O hafta, IMO toplantısı için Londra'da olduğumdan, bu bilgiyi WhatsApp üzerinden mesaj olarak kendisine gönderdim. Ahmet Selçuk Sert ise bu olayı haberleştirmememi, bizzat bu yapıyı Ulaştırma, Denizcilik ve Haberleşme Bakanı Ahmet Arslan'a bildireceğini, bakan beyin Çin gezisinden geldikten sonra bu sorunun çözeceklerini söyledi.
Ahmet Arslan'ın altında görev yapan üst düzey bir bürokratının da karıştığı bu rüşvet olayından zarar göreceği malumunuzdur. Onun için Londra'dan geldikten bir kaç gün sonra, kendisinden rüşvet istenen yatırımcıyla Ahmet Selçuk Sert'i İstanbul Liman Başkanlığı'nda bir araya getirdim. Bu ahlaksız işlemleri detayları ile muhatapları tarafından kendisine anlatıldı. İlerleyen günlerde Ahmet Selçuk Sert'in girişimleriyle, Ulaştırma, Denizcilik ve Haberleşme Bakanı Ahmet Arslan ile kendisinden rüşvet istenen yatırımcı, bakanlıkta bir araya geldi ve içinde bakanlık bürokratlarının da olduğu bu ahlaksız yapının oyunu, tümden bozuldu.
Yukarıda anlattığım olaydan dolayı Ahmet Selçuk Sert'in benim gözümde değeri çok farklıdır. Kendisini, bu olaydan dolayı "takdir ve dua" ile anarım.
& & &
Öte yandan Ulaştırma ve Altyapı Bakanı Mehmet Cahit Turhan'ı ile ilgili takdir ettiğimi bir anekdotu, burada anlatmada fayda olduğunu değerlendiriyorum. Bu anekdotu anlatmadan önce Cahit Turhan'ın, Ulaştırma, Denizcilik ve Haberleşme Bakanlığı döneminden kalan kirli bir yapılanmayı temizlemesinin, önemli olduğunu düşünüyorum.

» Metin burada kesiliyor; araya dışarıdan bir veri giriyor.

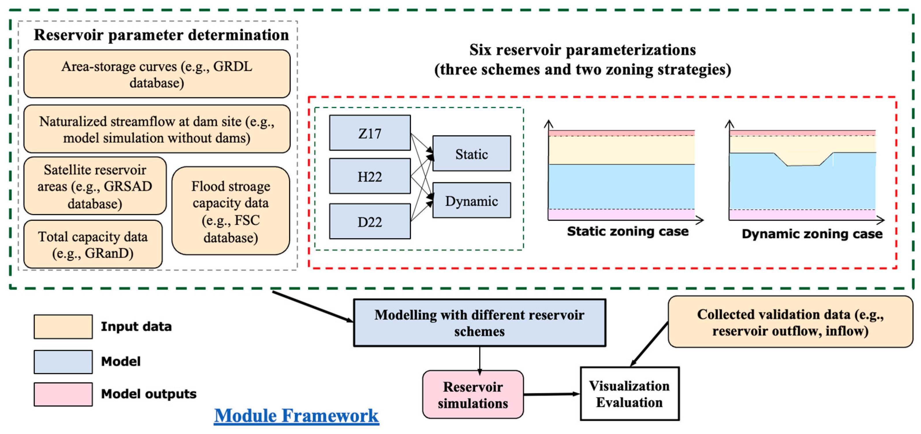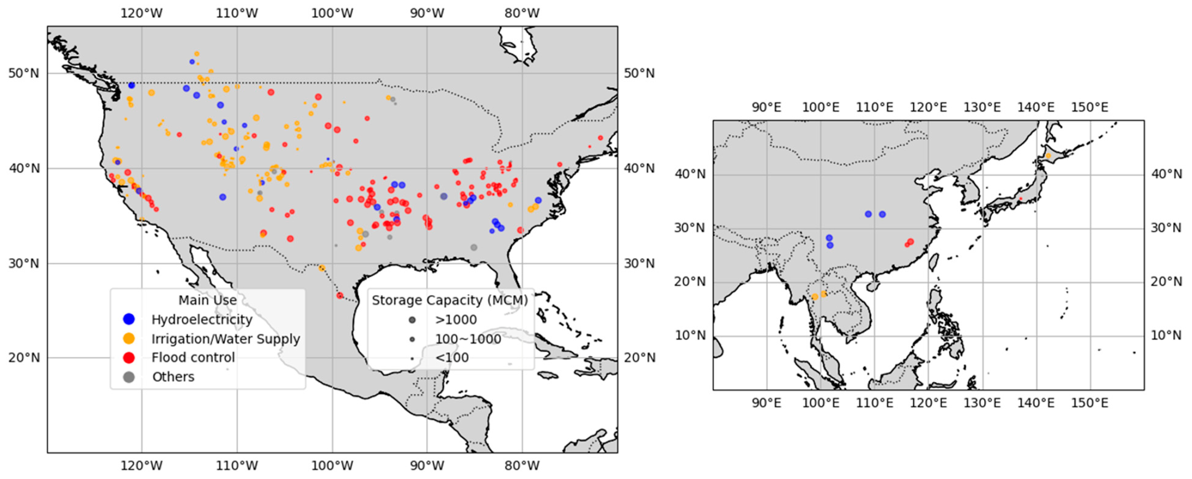 - Shen, Y.; Yamazaki, D.; Pokhrel, Y.; Zhao, G. Improving global reservoir parameterizations by incorporating flood storage capacity data and satellite observations. Water Resour. Res. 2024, 61, e2024WR037620. [Google Scholar] [CrossRef]
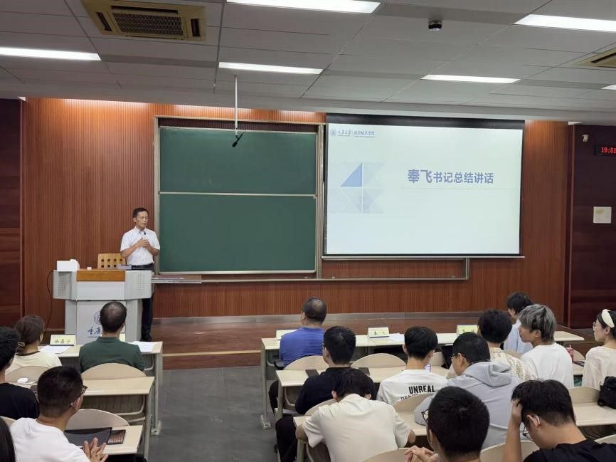 最后党委书记奉飞为大会作总结讲话。奉飞首先对新生们的加入表示热烈欢迎,同时强调,新时代的大学生要争做到学习好、身体好、心态好。希望同学们牢记初心,勇担时代重任,将个人成长与国家发展紧密相连,在大学四年里努力拼搏,实现自己的人生价值,奉飞表示,五楼自拍

Mehmet Cahit Turhan, Ulaştırma ve Altyapı Bakanı olarak atanmasından kısa bir süre sonra Türk Hava Yolları personel alımı için imtihan açtı. Bu imtihana Bakan Turhan'ın oğlu da başvuruda bulundu. Ancak bu süreçte Mehmet Cahit Turhan'ın oğlu imtihanı kazanamayarak elendi. Bu olay THY ilgilileri tarafından öğrenilince, panik için de "Neden bize haber verilmedi?" soru cümlesiyle, destek alabilecekleri mesajı Bakan Turhan'a iletildi. Ulaştırma ve Altyapı Bakanı Mehmet Cahit Turhan'ın cevabı çok anlamlı ve manidar. Bakan Turhan'ın muhatabına; "Başarılı olsaydı şu anda göreve başlamış olurdu. Oğlum olduğunu söyleseydim, oğluma imtiyaz tanınacak, belki de hak eden başka birinin hukuku çiğnenmiş olacaktı. Kimsenin hakkına ve hukukuna müdahale edilemez, Bu benim oğlumda olsa" demesi, takdire şayan bir olay olarak önümüze çıkıyor.
Özellikle son dönemde siyasiler arasında görülmeyen bir davranış şeklinin, mevcut Ulaştırma ve Altyapı Bakanı Mehmet Cahit Turhan'da vuku bulması, bizleri biraz umutlandırsa da, genelde karamsarlığımız hala devam ediyor.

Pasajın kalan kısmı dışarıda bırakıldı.